Asha doesn’t just stand by her man, although she does do that to an infuriating degree, while he builds a company. She is The Startup Wife in the true sense of the word. Ahsa creates the tech that makes the company possible. Witout Asha and her algorithm, WAI would not exists.
Asha doesn’t sit quietly by while her husband takes up with another woman. No, the person who Cyrus falls in love with is himself. And while the results are no less damaging, Asha saw the likley implosion of her marriage almost from the start.
Worshipping the Messiah
The Startup Wife calls into question many facets of modern society. Starting with organzied religion.
WAI is creaeted as an alternative to religion. Cyrus eyes the growing secularism of society and believes that even people who no longer believe in God still seek the comfort of ritual and the sense of belonging that common traditions bring. Through Asha’s coding brilliance, they create an app that allows non-believers to find belonging with others who share similar interests and ideas.
But it’s not long before these non-belieovers are putting all their faith in WAI, and in Cyrus, the public face of WAI. The Startup Wife makes you ponder if humans are hardwired to worship someone. Like the male visionaries who run tech comapnies.
Or something. Like technology itself. Or success. Or workaholism.
I felt myself reexamining the role that religion plays in my own life, admitedly not a very large one. And whether something else fills that void. The Startup Wife definiteily made me think about the need for faith and tradition and belonging.
A Man’s World
Anotherr theme running through The Startup Wife is feminism. And that’s a theme that is close to my heart. Especially as I try to raise a brilliant sixteen year old daugher who is grappling with her place in what is still, essentially a man’s world.
The Startup Wife takes on this problem head on. It was Asha who created the app. Without her code there would be no compay. And yet, at the begining of the book, she pushes her husband to be the CEO, the face of the company. “I’m just a coder. I’m going to sit in the background,” But even as she says it, I wonder if she believes it. Or if she recognizes the ramifications that this decision has.
How often do women willingly take the back seat? Let men shine? Unwititngly turn over power to the men in their lives?
Asha’s early decisions have serious ramifications as The Startup Wife progresses and Cyrus settles into his new role as a prophet. Whether he gets swept up in the glory, or like so many men is just preconditoned to belive that he is better, smarter, and more deserving of status and success than Asha, it’s not long before he’s dismissing her both literally and figuratively.
A strong cast of female characters in The Startup Wife who have to work twice as hard as the men to acheive success, demonstarte the blatant sexism that exists in startup culture, the tech world, and throughout the U.S. today. But their unabashed efforts to fight back and claime their equality give me hope for the future. These women, young, old, and in between stand up to racist and sexist language and fight for their place at the table.

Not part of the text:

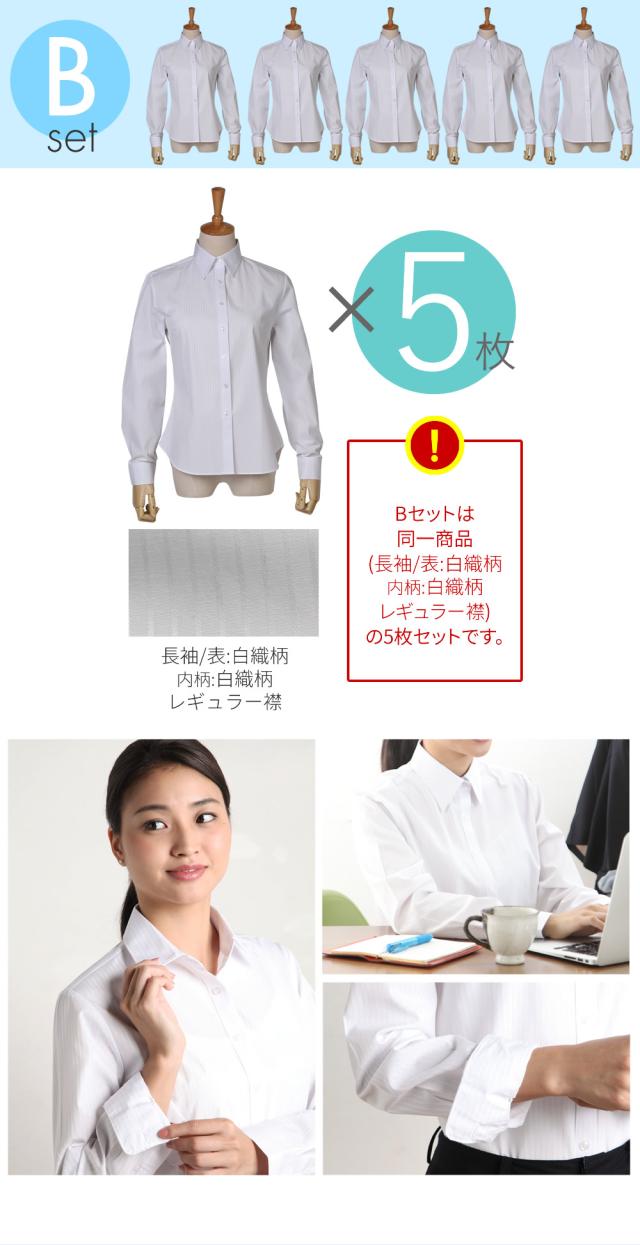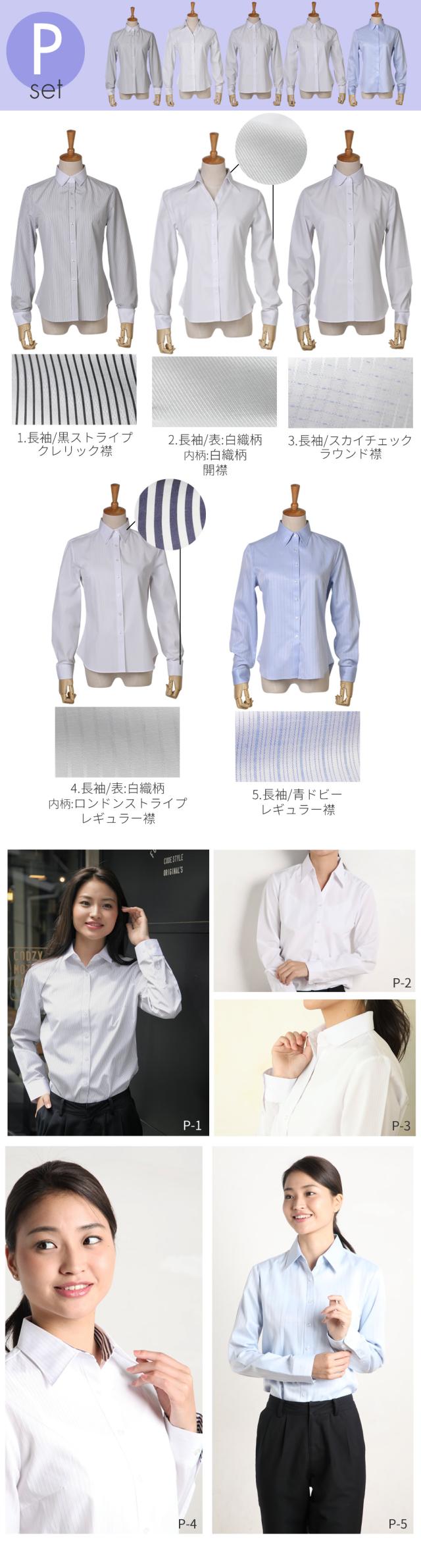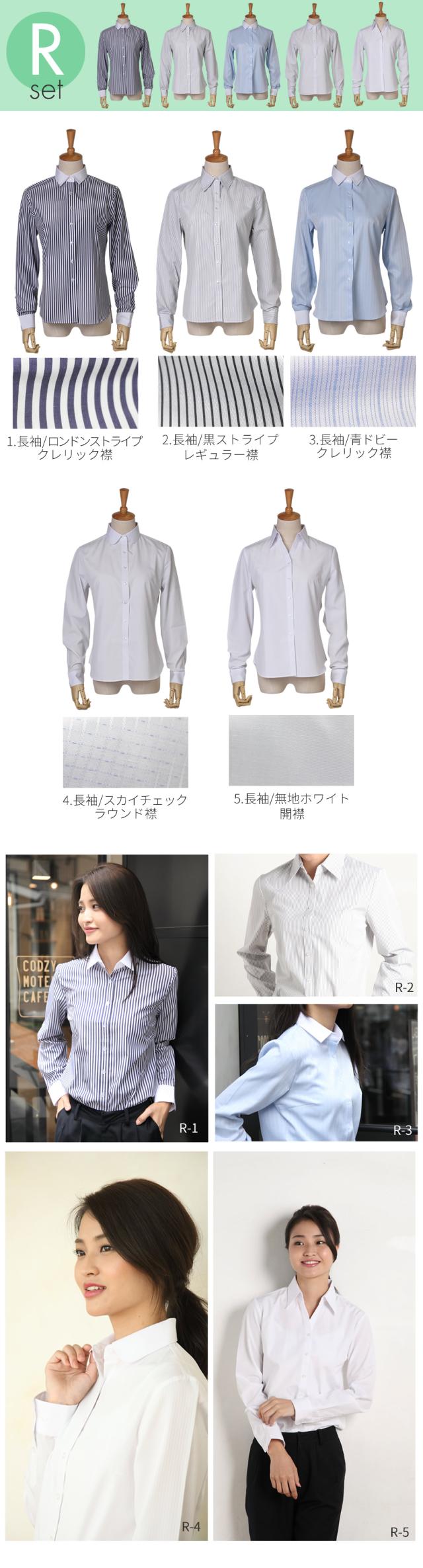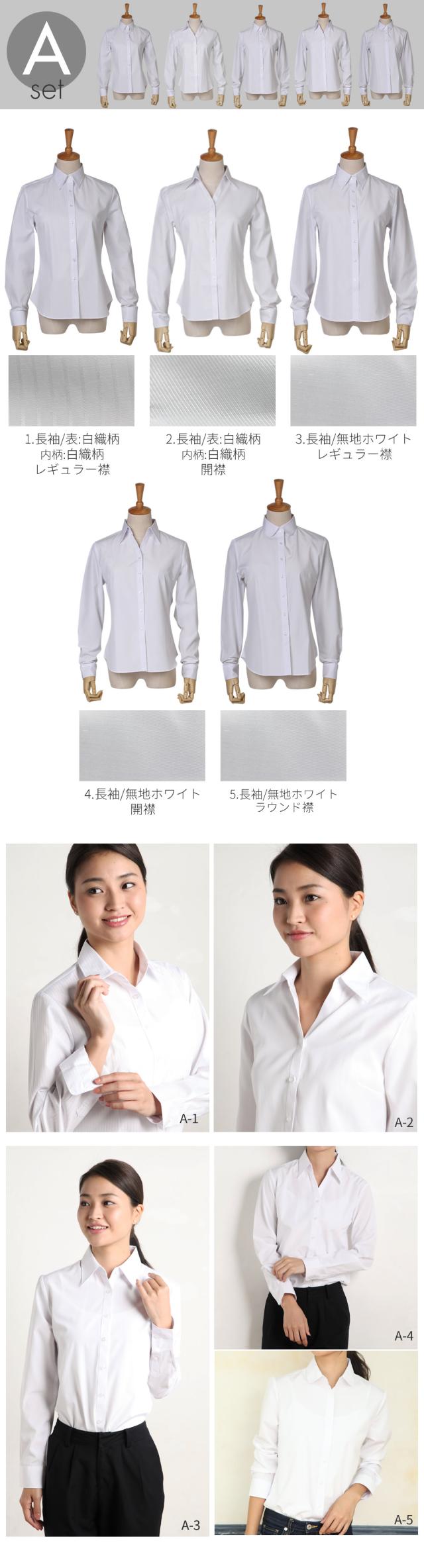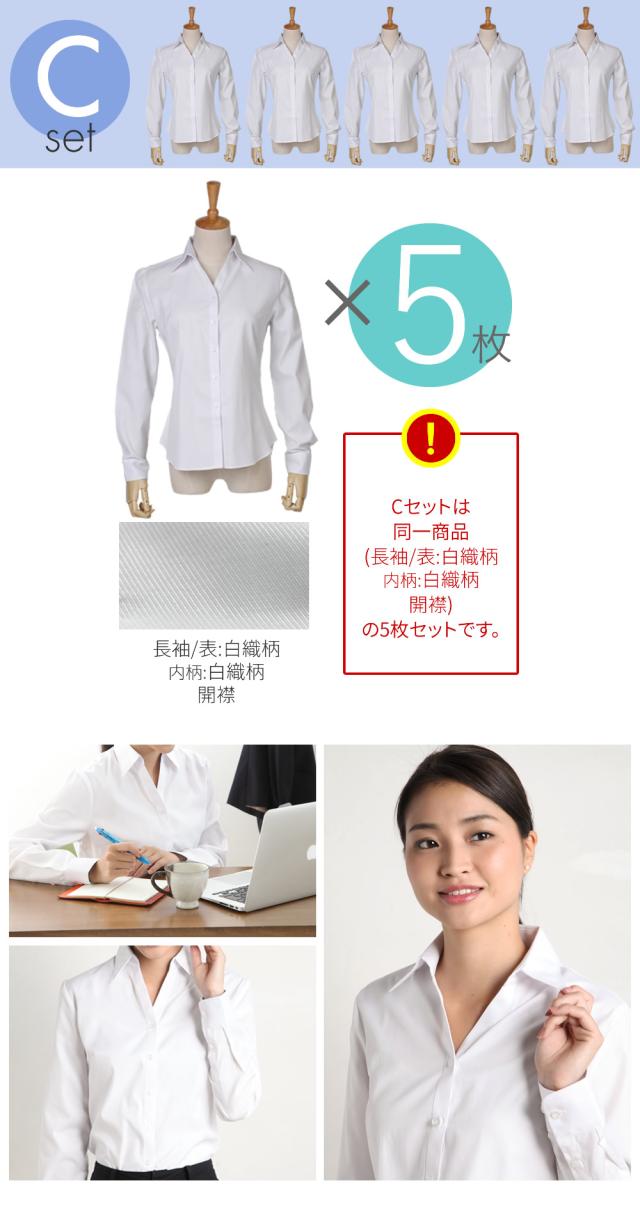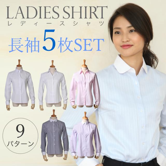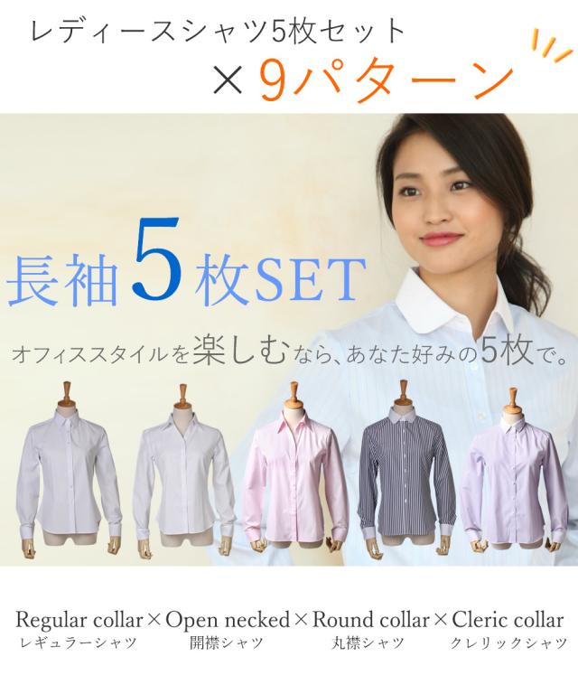 【5枚セット】レディースシャツ レギュラー 開襟 ラウンド襟 丸襟 クレリック襟 ブラウス オフィス 長袖 ワイシャツ at-ll-set-1754 事務服 おしゃれ yシャツ ビジネス OL 制服カッターシャツ

What’s Love Got to Do With It?
Finally, at it’s core The Startup Wife is a love story. And a cautionary tale about what happens when you mix business and pleasure. When you let one person become your everything.
Early on in the book a lawyer advises the couople that their marriage will never succeed if they start a business together. But young, naive, and in love they laugh him off.
To anyone who’s been married for any length of time, this advice seems prophetic. And in any event there is such a thing as too much togetherness.
Finally, Asha realizes, “I literally created a platform that makes the entire world worship my husband.” What could posibly ne wrong with that?
If you’ve ever felt a little bit disenchanted with social media or the tech empires, or out of place in a world designed by and for men, or unsure of the place you hold in another’s heart, The Satrtup Wife will give you plenty to think about. But you’ll be entertained all the way through.